Stein: It’s certainly not the most outlandish suggestion of the month. It’s also far better than the proposal to let teams bring their own hardwood. The assembly and disassembly of individual team floors would require extra time and manpower — neither of which fits within the N.B.A.’s aim to keep the planned Disney World bubble as tightly controlled as possible.
But I really don’t see any of the proposals that have been circulating in recent days to try to replicate some semblance of home-court advantage gaining any traction. In pretty much every case, it sounds like a step (or more) too far.
With no fans allowed in the stands, no travel involved and the longest layoff from full-speed basketball that most N.B.A. players have ever experienced, the league’s 22-team format to reboot the season is already unlike anything the N.B.A. has ever witnessed. All of that works against concepts like yours gaining support, because the league is already sensitive to the notion that this postseason will look too untraditional.

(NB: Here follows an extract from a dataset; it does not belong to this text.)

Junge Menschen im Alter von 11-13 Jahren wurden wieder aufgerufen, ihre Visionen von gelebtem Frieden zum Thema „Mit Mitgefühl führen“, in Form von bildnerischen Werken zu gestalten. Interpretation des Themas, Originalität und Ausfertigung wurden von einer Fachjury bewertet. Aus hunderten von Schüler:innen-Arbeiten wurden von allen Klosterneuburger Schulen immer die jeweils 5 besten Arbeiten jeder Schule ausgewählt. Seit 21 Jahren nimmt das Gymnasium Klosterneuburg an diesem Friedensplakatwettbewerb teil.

Any measure that widens the gap between how the N.B.A. postseason usually functions and this season’s format is bound to be met with resistance.
Numbers Game
10
Last week’s list of the N.B.A.’s head coaches of color inexcusably omitted Charlotte’s James Borrego, who is Hispanic. Miami’s Erik Spoelstra is Filipino-American, and there are eight African-American head coaches: J.B. Bickerstaff (Cleveland), Dwane Casey (Detroit), Alvin Gentry (New Orleans), Nate McMillan (Indiana), Lloyd Pierce (Atlanta), Doc Rivers (Los Angeles Clippers), Jacque Vaughn (Nets) and Monty Williams (Phoenix).
4
Wednesday is the one-year anniversary of Kevin Durant tearing his right Achilles' tendon in Game 5 of the N.B.A. finals. In each of the past two seasons, four players have sustained a torn Achilles' tendon, which has historically been the hardest injury to recover from for N.B.A. players. According to data maintained by Jeff Stotts — a certified athletic trainer who writes about sports injuries on his site, In Street Clothes — going into the 2018-19 season there had only been four torn Achilles’ tendons sustained by N.B.A. players over the previous three seasons.
7
The seven other players, alongside Durant, who sustained Achilles' tendon tears last season and this season with when the injury occurred in parentheses: Indiana’s C.J. Wilcox (September 2018), Dallas’ J.J. Barea (January 2019), Washington’s John Wall (January 2019), New Orleans’ Darius Miller (August 2019), Portland’s Rodney Hood (December 2019), the Nets’ David Nwaba (December 2019) and Dallas’ Dwight Powell (January 2020).
36
The maximum number of games any of the 22 teams bound for the N.B.A.’s planned reboot of the 2019-20 season at the Walt Disney World Resort would most likely play is 36 — with games scheduled over just 73 days (July 31 to Oct. 12). That number would stretch to 38 if a No. 9 seed in either conference forced a play-in round by finishing four games or fewer behind the No. 8 seed.
1,541
Atlanta’s exclusion from the 22-team field at Disney World could mean that the Hawks’ Vince Carter has played his last N.B.A. game. Carter, 43, has appeared in 1,541 regular-season games, which puts him third on the career list behind Robert Parish’s 1,611 and Kareem Abdul-Jabbar’s 1,560. Having started his career during the lockout-shortened 1998-99 season, Carter is also the only player in league history to play in four different decades. But he lost out on a potential April 10 farewell visit to Toronto, Carter’s first of eight N.B.A. teams, because of the league’s abrupt shutdown in March.